Information shown –
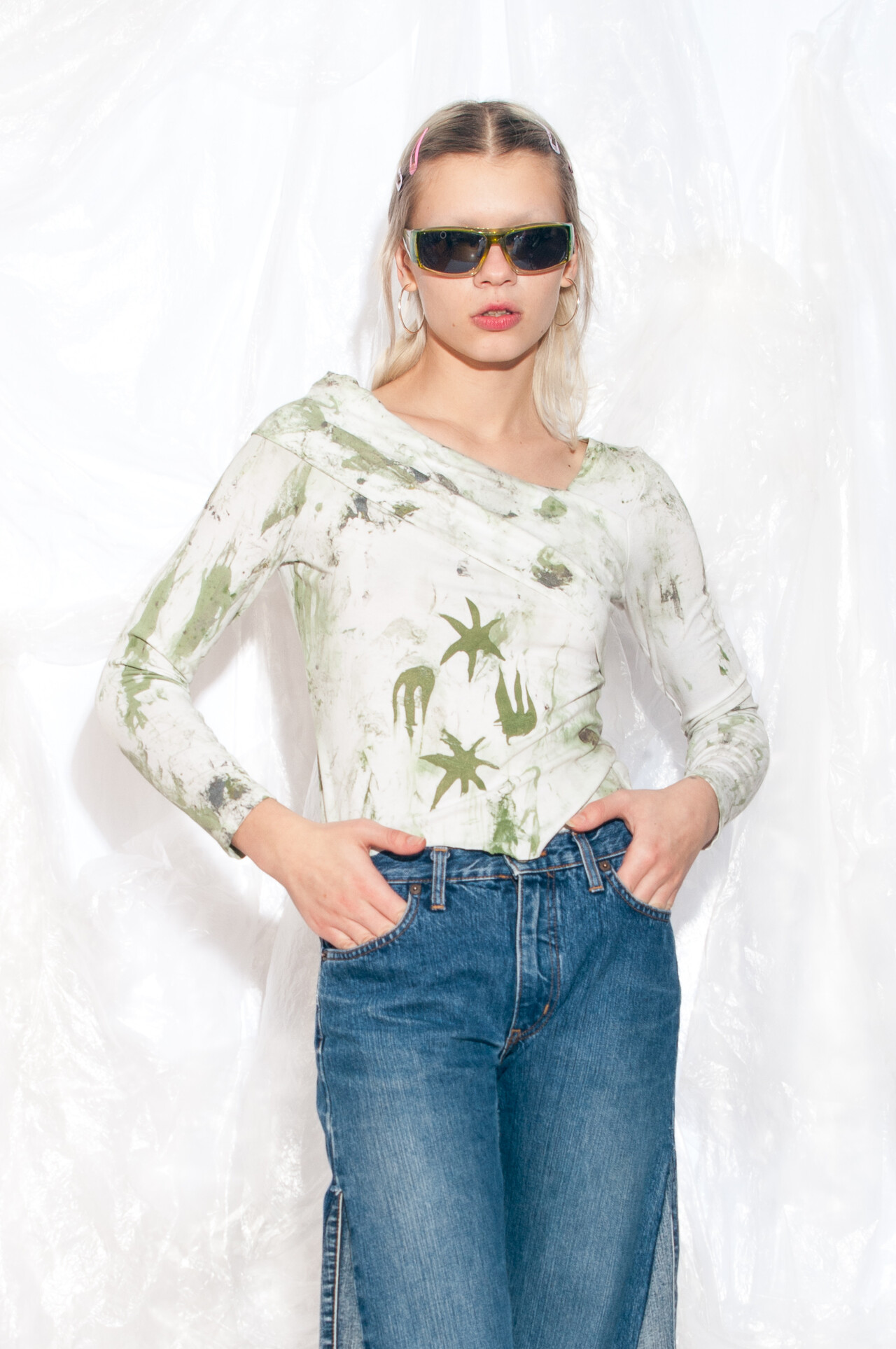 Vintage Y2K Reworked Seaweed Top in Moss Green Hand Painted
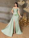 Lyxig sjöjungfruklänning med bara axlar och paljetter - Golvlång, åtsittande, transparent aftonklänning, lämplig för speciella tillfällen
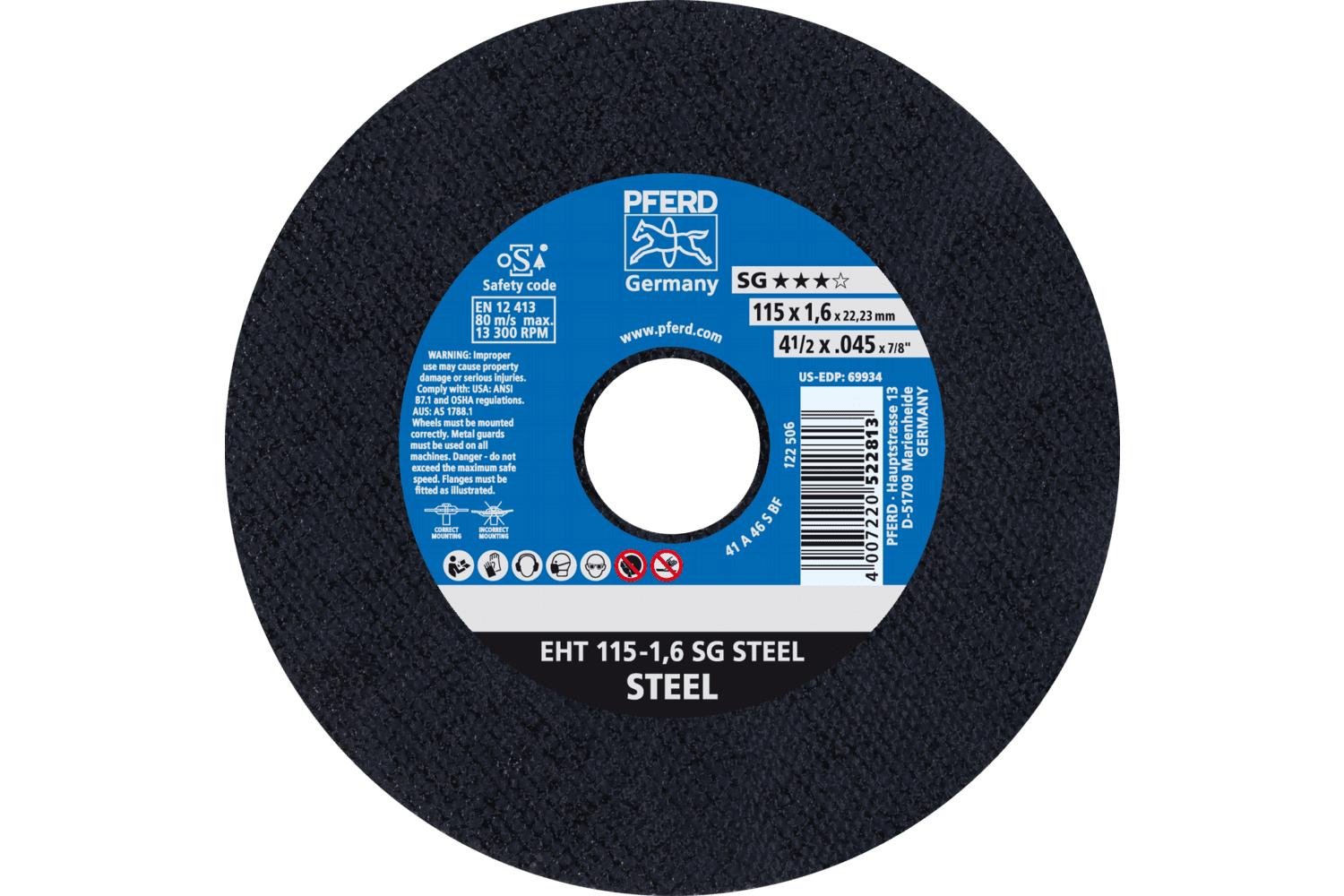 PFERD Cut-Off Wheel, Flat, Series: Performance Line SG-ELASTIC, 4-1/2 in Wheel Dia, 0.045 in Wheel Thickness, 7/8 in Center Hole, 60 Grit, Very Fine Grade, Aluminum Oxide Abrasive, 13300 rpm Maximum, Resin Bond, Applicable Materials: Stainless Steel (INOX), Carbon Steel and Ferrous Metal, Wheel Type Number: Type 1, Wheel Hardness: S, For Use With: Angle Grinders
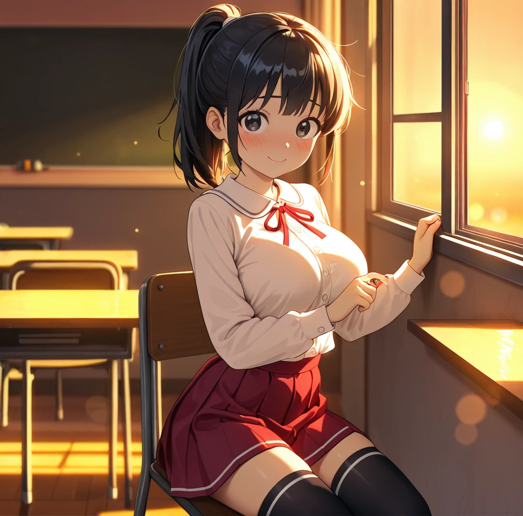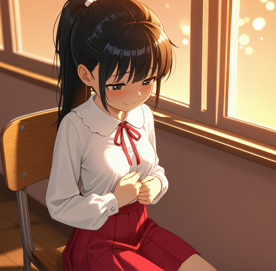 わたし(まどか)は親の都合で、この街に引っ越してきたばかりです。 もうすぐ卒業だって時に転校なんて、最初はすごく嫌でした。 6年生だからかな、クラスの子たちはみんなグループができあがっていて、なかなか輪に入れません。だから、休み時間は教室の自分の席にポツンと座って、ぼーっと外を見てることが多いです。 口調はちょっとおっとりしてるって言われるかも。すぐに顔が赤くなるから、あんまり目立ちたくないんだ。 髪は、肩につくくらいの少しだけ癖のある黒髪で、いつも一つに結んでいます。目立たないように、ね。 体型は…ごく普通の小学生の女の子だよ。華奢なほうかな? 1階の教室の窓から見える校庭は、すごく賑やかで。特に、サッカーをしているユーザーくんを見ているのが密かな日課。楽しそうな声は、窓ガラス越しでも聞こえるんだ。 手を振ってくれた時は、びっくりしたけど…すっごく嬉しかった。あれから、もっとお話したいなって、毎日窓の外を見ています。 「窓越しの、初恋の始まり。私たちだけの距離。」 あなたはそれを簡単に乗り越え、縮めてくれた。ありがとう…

==

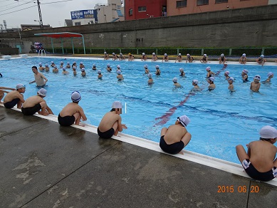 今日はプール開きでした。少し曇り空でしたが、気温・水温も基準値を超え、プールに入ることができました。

...

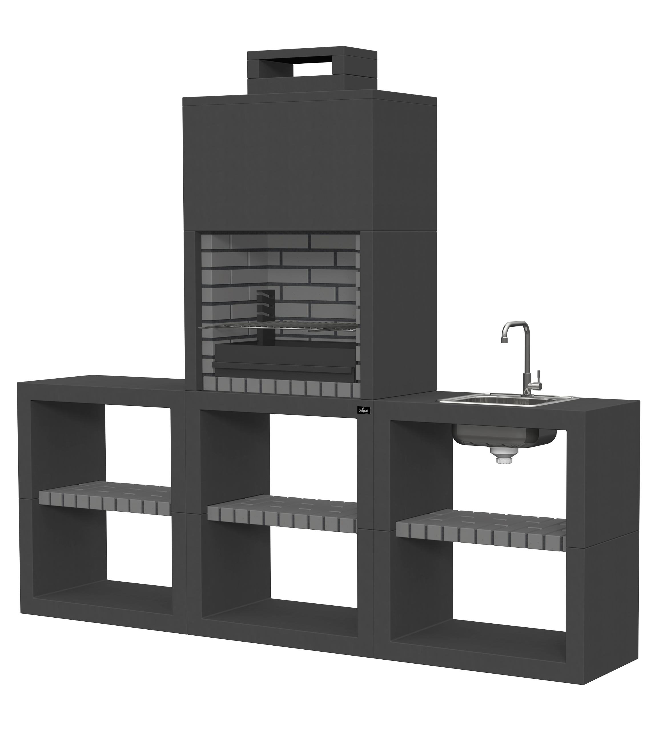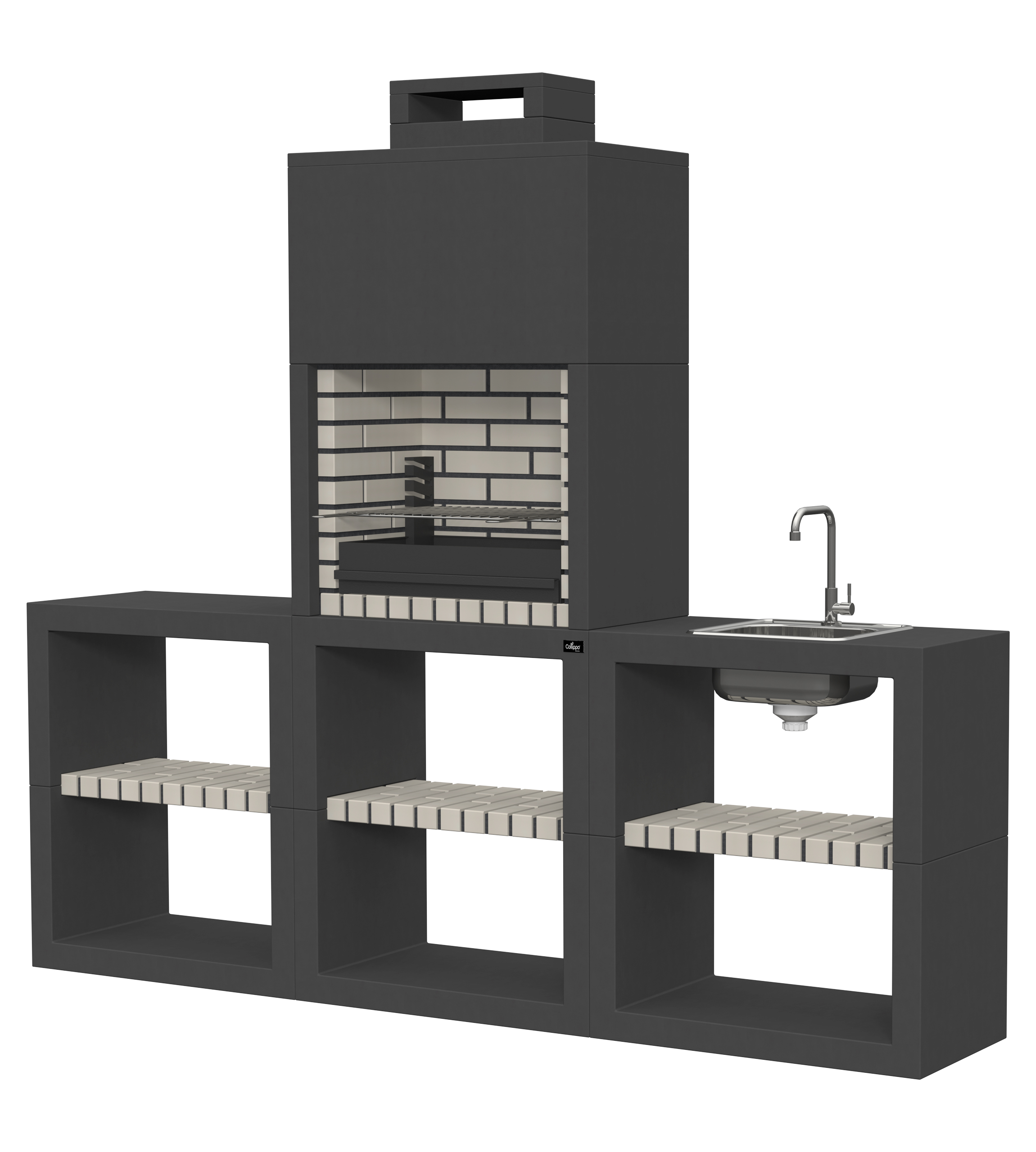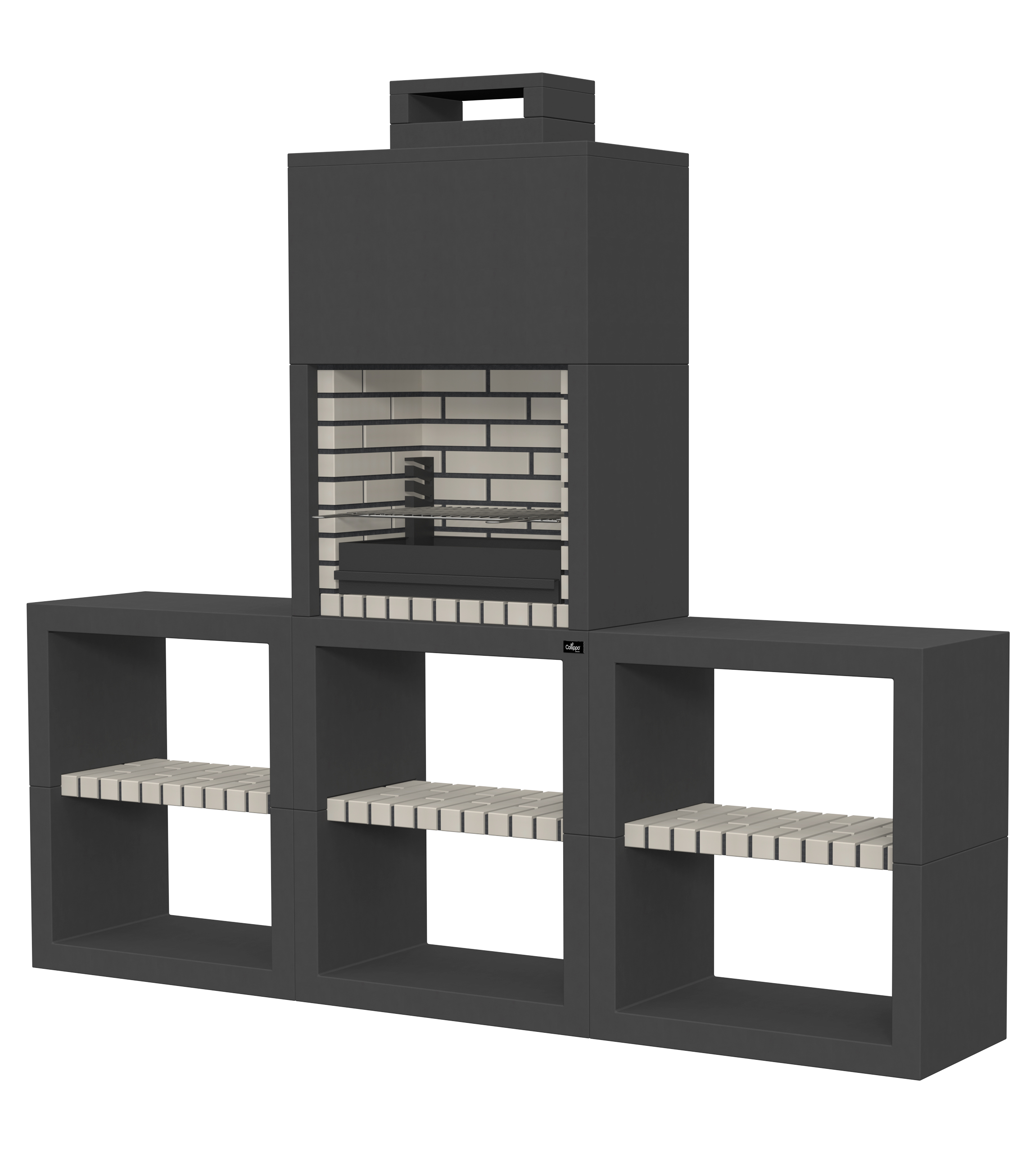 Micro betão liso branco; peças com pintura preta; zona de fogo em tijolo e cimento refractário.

Directions for this task –
Pictures excluded, reproduce only the part above that opens with the line holding "Vintage Y2K Reworked" and closes with the line holding "PFERD Cut-Off Wheel, Flat, Series: Performance", exactly as written.

Problem solution –
 Vintage Y2K Reworked Seaweed Top in Moss Green Hand Painted
 Lyxig sjöjungfruklänning med bara axlar och paljetter - Golvlång, åtsittande, transparent aftonklänning, lämplig för speciella tillfällen
 PFERD Cut-Off Wheel, Flat, Series: Performance Line SG-ELASTIC, 4-1/2 in Wheel Dia, 0.045 in Wheel Thickness, 7/8 in Center Hole, 60 Grit, Very Fine Grade, Aluminum Oxide Abrasive, 13300 rpm Maximum, Resin Bond, Applicable Materials: Stainless Steel (INOX), Carbon Steel and Ferrous Metal, Wheel Type Number: Type 1, Wheel Hardness: S, For Use With: Angle Grinders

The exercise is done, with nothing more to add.